Information provided Start Marker

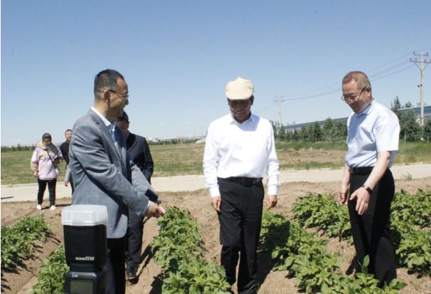 在試驗田前,冀福善向段志強一行介紹,公司為科學種植,合理輪茬,從2015年開始進入燕麥產(chǎn)業(yè),實施“馬鈴薯+燕麥”雙輪驅動發(fā)展戰(zhàn)略,在察右中旗成立子公司——內(nèi)蒙古陰山優(yōu)麥食品有限公司。目前,陰山優(yōu)麥已完成投資2.4億元,年產(chǎn)2萬噸燕麥香米、2萬噸燕麥片、2000萬支燕麥杯、6000噸燕麥粉(莜面)和2萬噸藜麥米加工生產(chǎn)線已建成并投入使用,陰山優(yōu)麥是“自治區(qū)農(nóng)業(yè)產(chǎn)業(yè)化重點龍頭企業(yè)”、“自治區(qū)扶貧龍頭企業(yè)”。同時,公司依托自身在加工薯種植管理技術、產(chǎn)品質量、倉儲能力等方面的優(yōu)勢,于2019年初在察右中旗成立子公司——內(nèi)蒙古蒙薯食品科技有限公司,計劃投資1.5億元,建設“年產(chǎn)8000噸低溫油炸薯條及2000噸果蔬脆片加工項目”,全力打造烏蘭察布市地標性產(chǎn)品,創(chuàng)建全國大的低溫油炸薯條、果蔬脆片深加工企業(yè),已于今年投產(chǎn)。
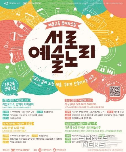 서구문화재단 관계자는 “이번 참여자 모집은 문화예술이 지역 속으로 들어가 주민의 일상과 가까워지는 중요한 계기”라며 “문화예술교육이 단순한 취미활동을 넘어 삶의 질을 높이고, 예술로 지역 공동체를 연결하는 힘이 되기를 바란다”고 전했다.
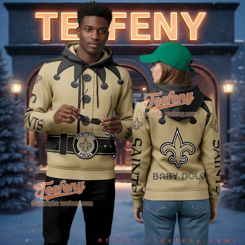 The New Orleans Saints Mardi Gras Jester Theme 3D Hoodie captures the vibrant spirit of Louisiana’s most famous celebration. This unique piece of apparel lets you wear your team pride and festive spirit simultaneously, making a bold statement wherever you go. Show off your love for the team and the party with this eye-catching New Orleans Saints hoodie.
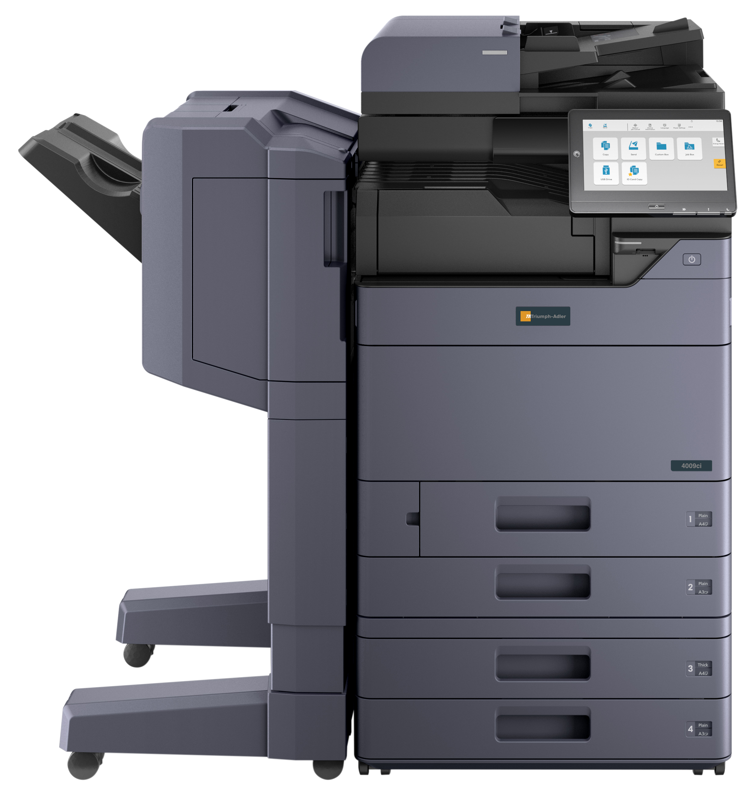 - FinisherDF-7100 Interner Finisher (Kapazität: 500 Blatt DIN A4, Heftung max. 50 Blatt DIN A4), DF-7120 (Kapazität: 1.000 Blatt DIN A4, Heftung max. 50 Blatt DIN A4), PH-7120 Locheinheit für DF-7100, PH-7C Locheinheit für DF-7120/7140, BF-730 Broschürenfaltmodul für DF-7140 (Sattelheftung und Faltung max. 20 Blatt DIN A4/A3, Wickelfalz max. 5 Blatt DIN A4), DF-7140 (Kapazität: 4.000 Blatt DIN A4, Heftung max. 65 Blatt DIN A4, MT-730(B) Multi Tray für DF-7140

Information provided End Marker

## [Your instructions]
Write out the data above precisely. Pictures stay out.

## [Result of this exercise]
 在試驗田前,冀福善向段志強一行介紹,公司為科學種植,合理輪茬,從2015年開始進入燕麥產(chǎn)業(yè),實施“馬鈴薯+燕麥”雙輪驅動發(fā)展戰(zhàn)略,在察右中旗成立子公司——內(nèi)蒙古陰山優(yōu)麥食品有限公司。目前,陰山優(yōu)麥已完成投資2.4億元,年產(chǎn)2萬噸燕麥香米、2萬噸燕麥片、2000萬支燕麥杯、6000噸燕麥粉(莜面)和2萬噸藜麥米加工生產(chǎn)線已建成并投入使用,陰山優(yōu)麥是“自治區(qū)農(nóng)業(yè)產(chǎn)業(yè)化重點龍頭企業(yè)”、“自治區(qū)扶貧龍頭企業(yè)”。同時,公司依托自身在加工薯種植管理技術、產(chǎn)品質量、倉儲能力等方面的優(yōu)勢,于2019年初在察右中旗成立子公司——內(nèi)蒙古蒙薯食品科技有限公司,計劃投資1.5億元,建設“年產(chǎn)8000噸低溫油炸薯條及2000噸果蔬脆片加工項目”,全力打造烏蘭察布市地標性產(chǎn)品,創(chuàng)建全國大的低溫油炸薯條、果蔬脆片深加工企業(yè),已于今年投產(chǎn)。
 서구문화재단 관계자는 “이번 참여자 모집은 문화예술이 지역 속으로 들어가 주민의 일상과 가까워지는 중요한 계기”라며 “문화예술교육이 단순한 취미활동을 넘어 삶의 질을 높이고, 예술로 지역 공동체를 연결하는 힘이 되기를 바란다”고 전했다.
 The New Orleans Saints Mardi Gras Jester Theme 3D Hoodie captures the vibrant spirit of Louisiana’s most famous celebration. This unique piece of apparel lets you wear your team pride and festive spirit simultaneously, making a bold statement wherever you go. Show off your love for the team and the party with this eye-catching New Orleans Saints hoodie.
 - FinisherDF-7100 Interner Finisher (Kapazität: 500 Blatt DIN A4, Heftung max. 50 Blatt DIN A4), DF-7120 (Kapazität: 1.000 Blatt DIN A4, Heftung max. 50 Blatt DIN A4), PH-7120 Locheinheit für DF-7100, PH-7C Locheinheit für DF-7120/7140, BF-730 Broschürenfaltmodul für DF-7140 (Sattelheftung und Faltung max. 20 Blatt DIN A4/A3, Wickelfalz max. 5 Blatt DIN A4), DF-7140 (Kapazität: 4.000 Blatt DIN A4, Heftung max. 65 Blatt DIN A4, MT-730(B) Multi Tray für DF-7140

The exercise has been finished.